> **REQUIREMENT**
Your copy should match the records exactly, apart from the pictures, which stay out.

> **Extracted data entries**
= Beginning of Section =

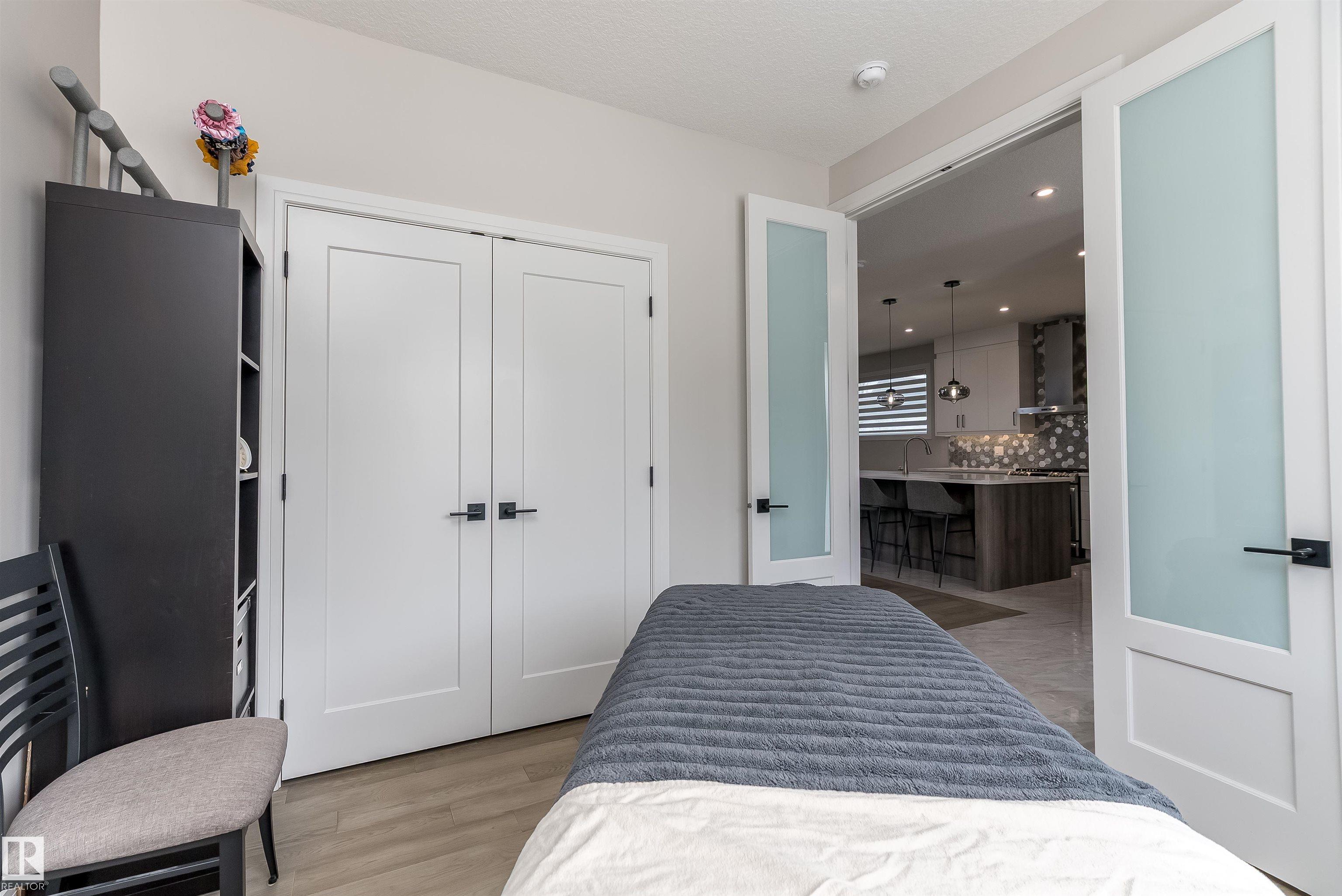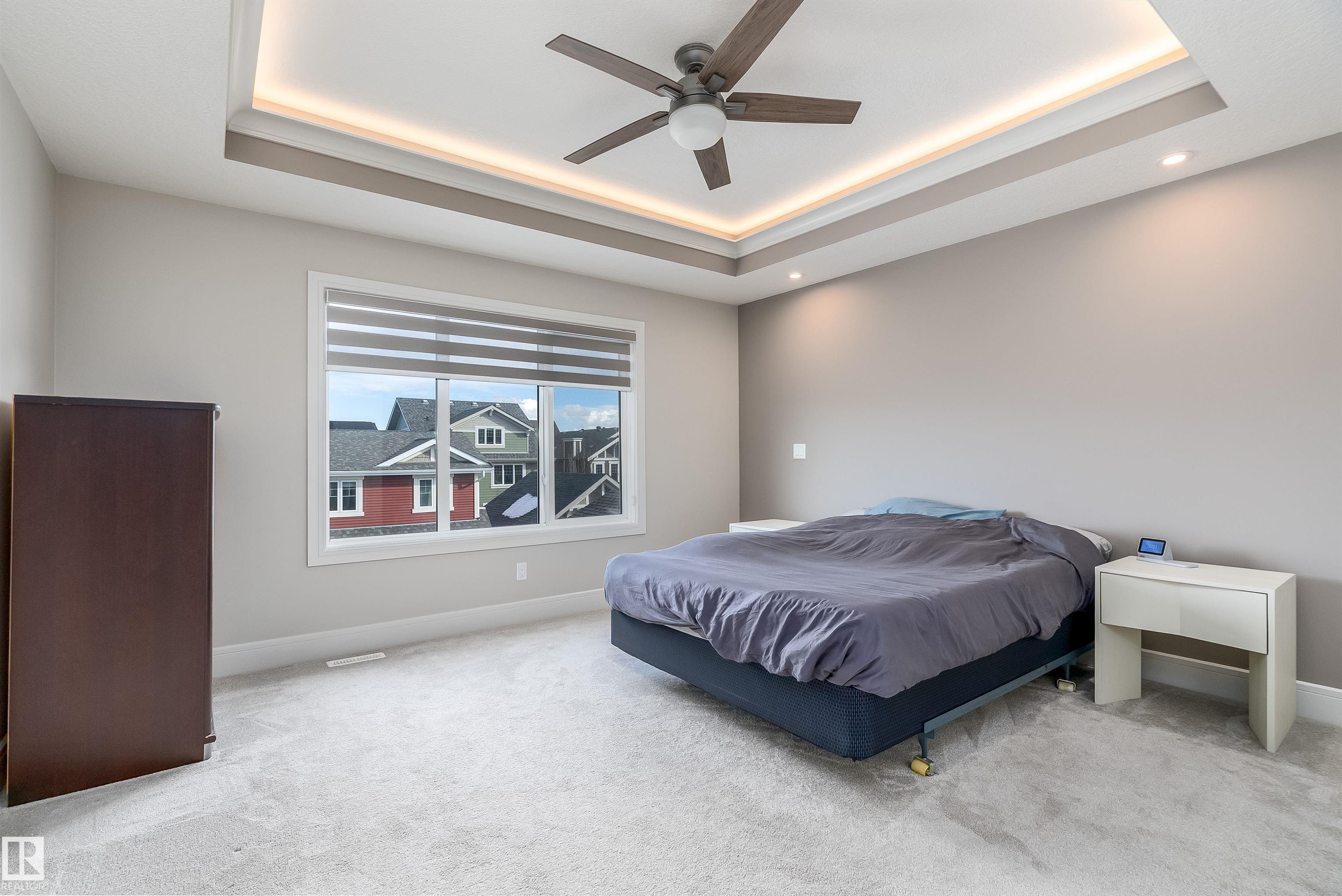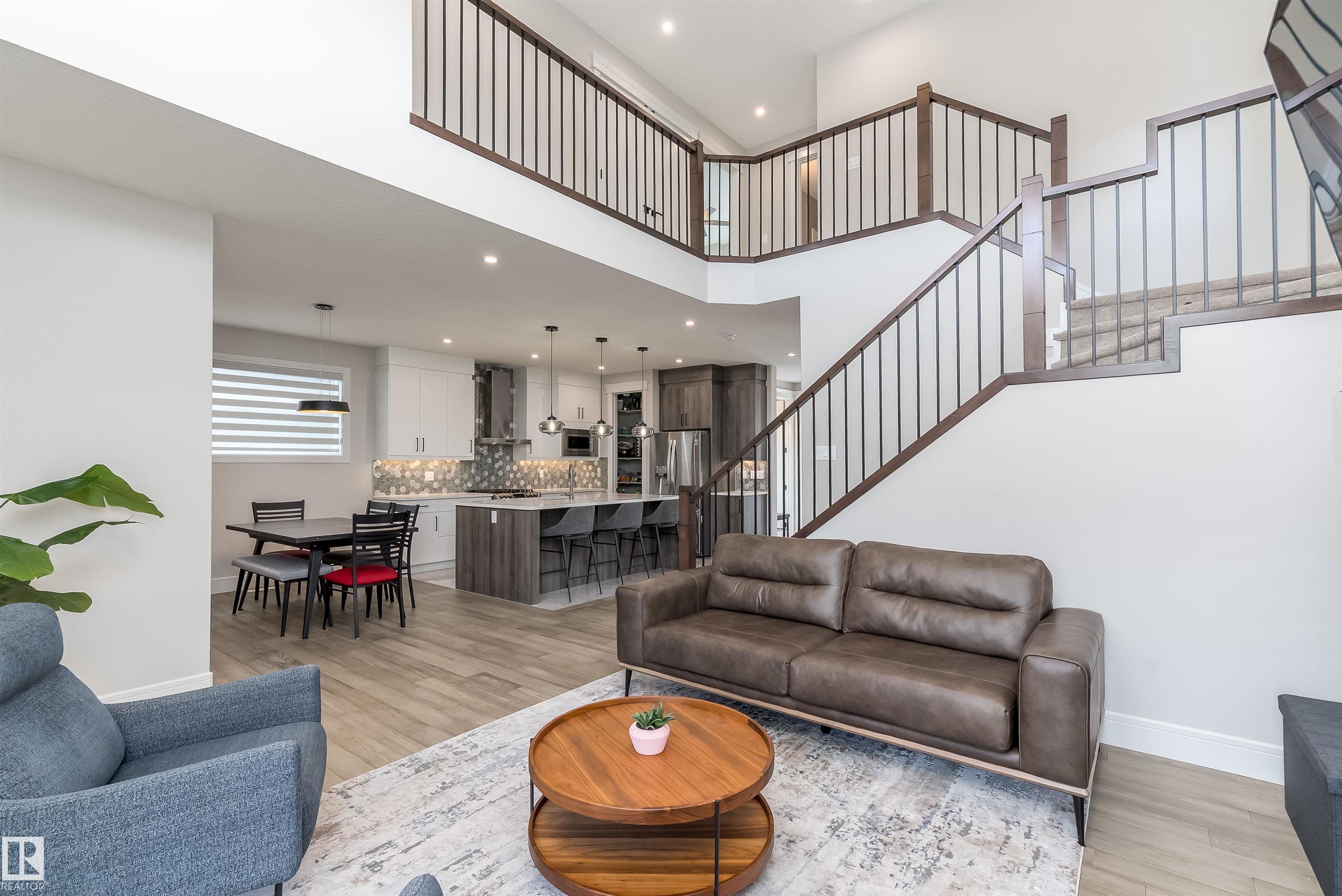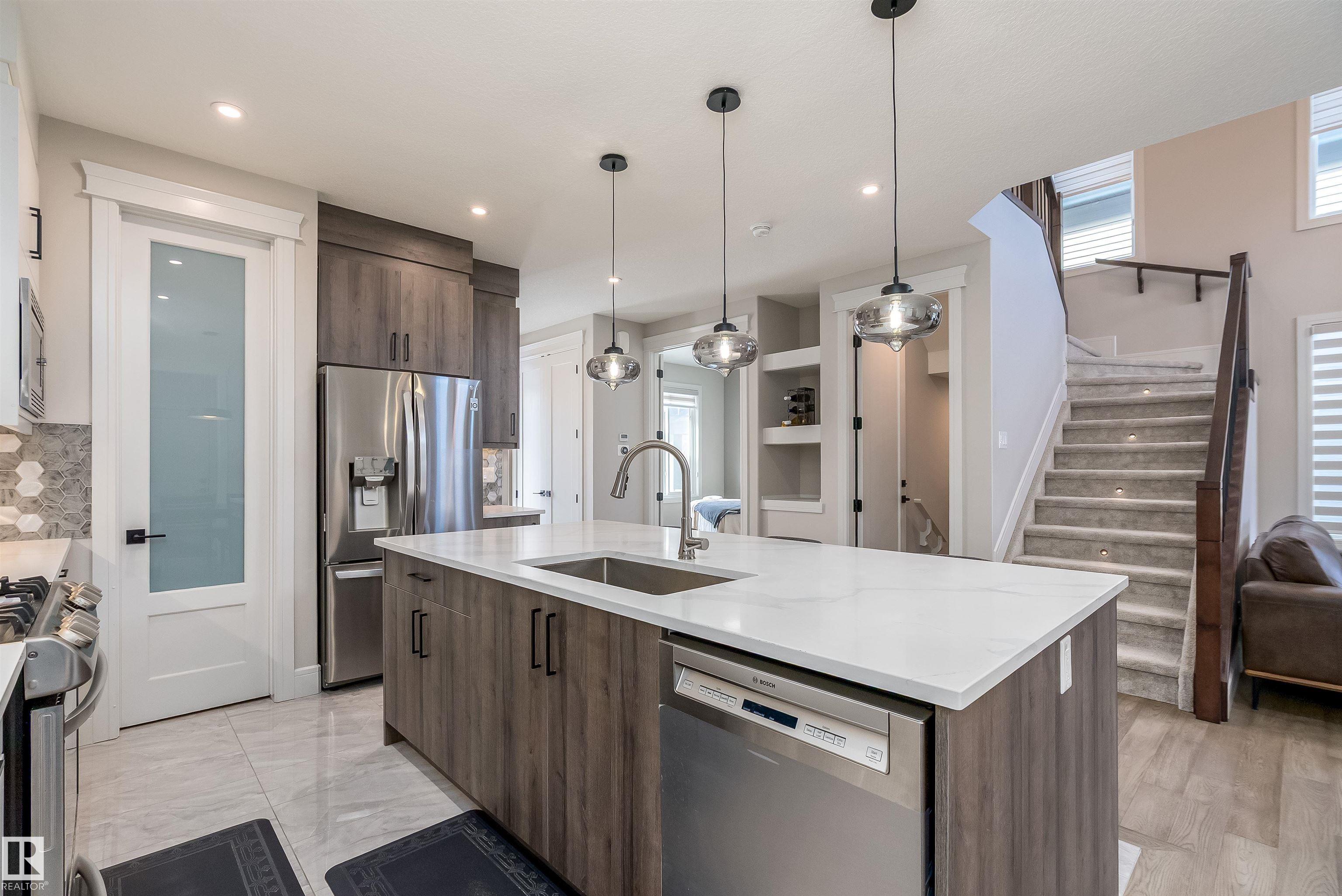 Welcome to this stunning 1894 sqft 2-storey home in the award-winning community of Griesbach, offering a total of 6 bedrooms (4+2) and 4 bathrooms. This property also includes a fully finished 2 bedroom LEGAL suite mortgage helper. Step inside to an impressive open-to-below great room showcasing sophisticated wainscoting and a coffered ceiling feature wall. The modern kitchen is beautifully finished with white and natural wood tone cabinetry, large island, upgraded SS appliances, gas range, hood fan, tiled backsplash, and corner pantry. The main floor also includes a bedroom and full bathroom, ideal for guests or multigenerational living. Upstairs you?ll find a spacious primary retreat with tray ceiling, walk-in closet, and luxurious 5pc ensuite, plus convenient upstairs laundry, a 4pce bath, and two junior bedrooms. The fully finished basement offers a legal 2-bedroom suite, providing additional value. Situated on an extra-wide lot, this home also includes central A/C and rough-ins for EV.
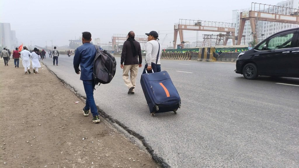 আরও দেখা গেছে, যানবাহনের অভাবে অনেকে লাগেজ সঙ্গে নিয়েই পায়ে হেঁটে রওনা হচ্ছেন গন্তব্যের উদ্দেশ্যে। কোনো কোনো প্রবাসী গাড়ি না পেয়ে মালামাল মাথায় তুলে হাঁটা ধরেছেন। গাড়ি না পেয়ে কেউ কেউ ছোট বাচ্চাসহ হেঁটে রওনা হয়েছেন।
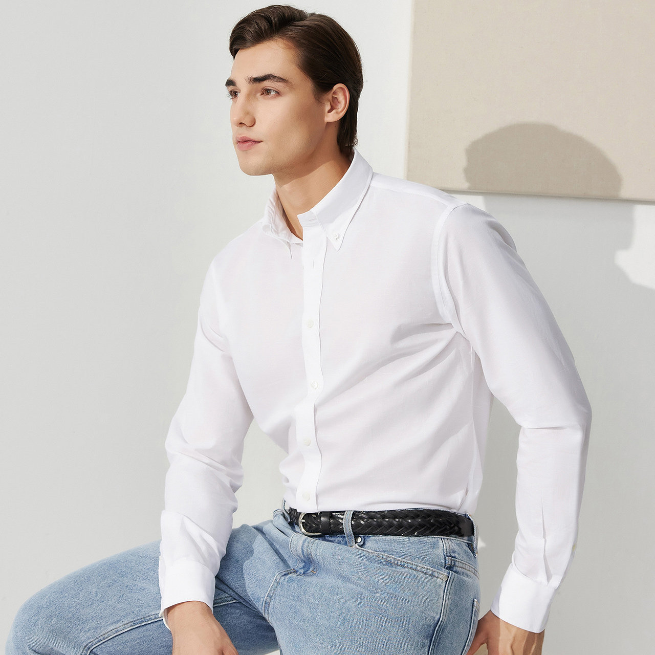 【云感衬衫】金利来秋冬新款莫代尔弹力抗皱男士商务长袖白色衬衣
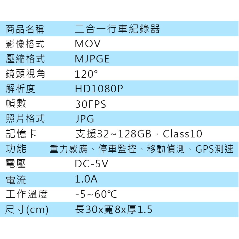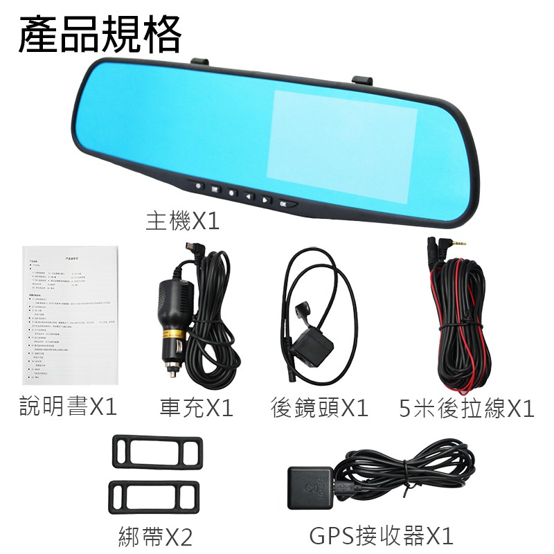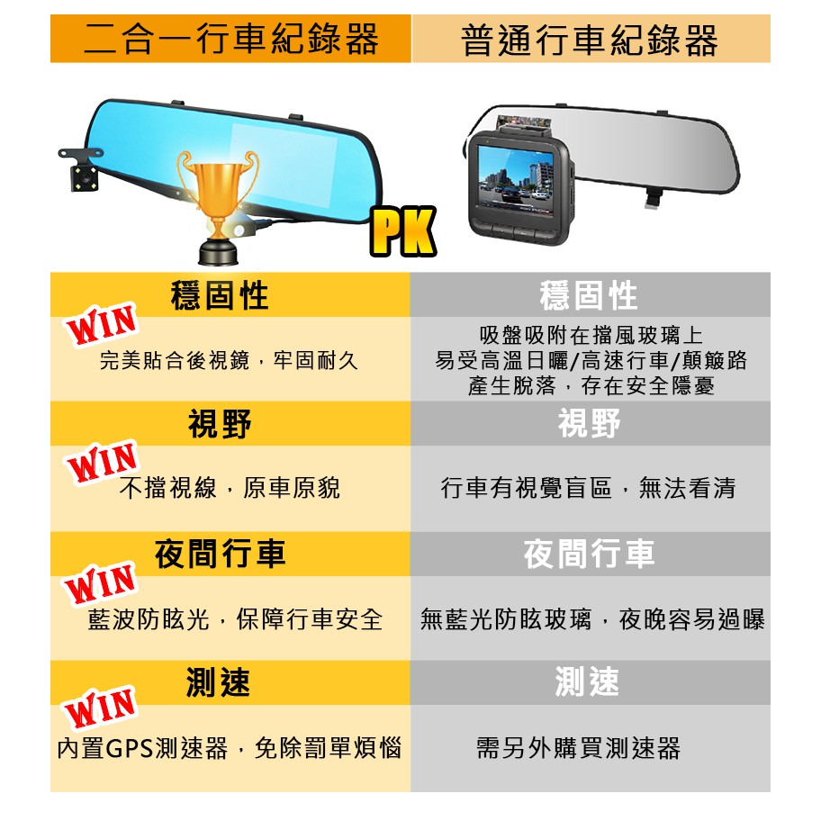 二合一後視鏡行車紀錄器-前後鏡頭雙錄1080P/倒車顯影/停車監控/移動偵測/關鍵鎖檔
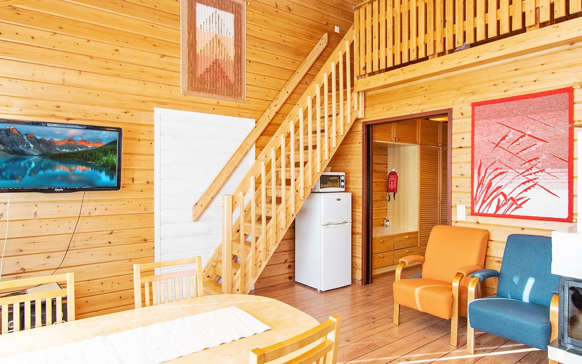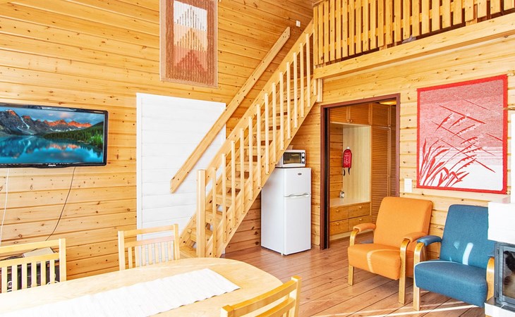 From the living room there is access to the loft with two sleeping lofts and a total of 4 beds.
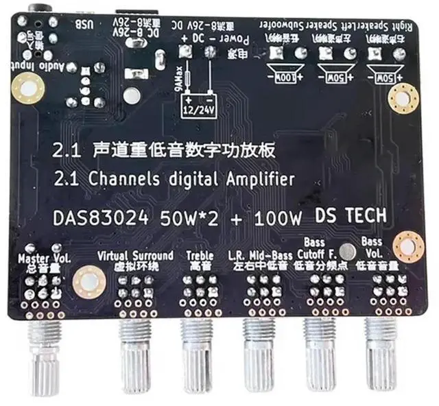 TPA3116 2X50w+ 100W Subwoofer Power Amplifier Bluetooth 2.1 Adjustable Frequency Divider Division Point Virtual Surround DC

= End of Section =

> **RESPONSE TO THIS EXERCISE**
 Welcome to this stunning 1894 sqft 2-storey home in the award-winning community of Griesbach, offering a total of 6 bedrooms (4+2) and 4 bathrooms. This property also includes a fully finished 2 bedroom LEGAL suite mortgage helper. Step inside to an impressive open-to-below great room showcasing sophisticated wainscoting and a coffered ceiling feature wall. The modern kitchen is beautifully finished with white and natural wood tone cabinetry, large island, upgraded SS appliances, gas range, hood fan, tiled backsplash, and corner pantry. The main floor also includes a bedroom and full bathroom, ideal for guests or multigenerational living. Upstairs you?ll find a spacious primary retreat with tray ceiling, walk-in closet, and luxurious 5pc ensuite, plus convenient upstairs laundry, a 4pce bath, and two junior bedrooms. The fully finished basement offers a legal 2-bedroom suite, providing additional value. Situated on an extra-wide lot, this home also includes central A/C and rough-ins for EV.
 আরও দেখা গেছে, যানবাহনের অভাবে অনেকে লাগেজ সঙ্গে নিয়েই পায়ে হেঁটে রওনা হচ্ছেন গন্তব্যের উদ্দেশ্যে। কোনো কোনো প্রবাসী গাড়ি না পেয়ে মালামাল মাথায় তুলে হাঁটা ধরেছেন। গাড়ি না পেয়ে কেউ কেউ ছোট বাচ্চাসহ হেঁটে রওনা হয়েছেন।
 【云感衬衫】金利来秋冬新款莫代尔弹力抗皱男士商务长袖白色衬衣
 二合一後視鏡行車紀錄器-前後鏡頭雙錄1080P/倒車顯影/停車監控/移動偵測/關鍵鎖檔
 From the living room there is access to the loft with two sleeping lofts and a total of 4 beds.
 TPA3116 2X50w+ 100W Subwoofer Power Amplifier Bluetooth 2.1 Adjustable Frequency Divider Division Point Virtual Surround DC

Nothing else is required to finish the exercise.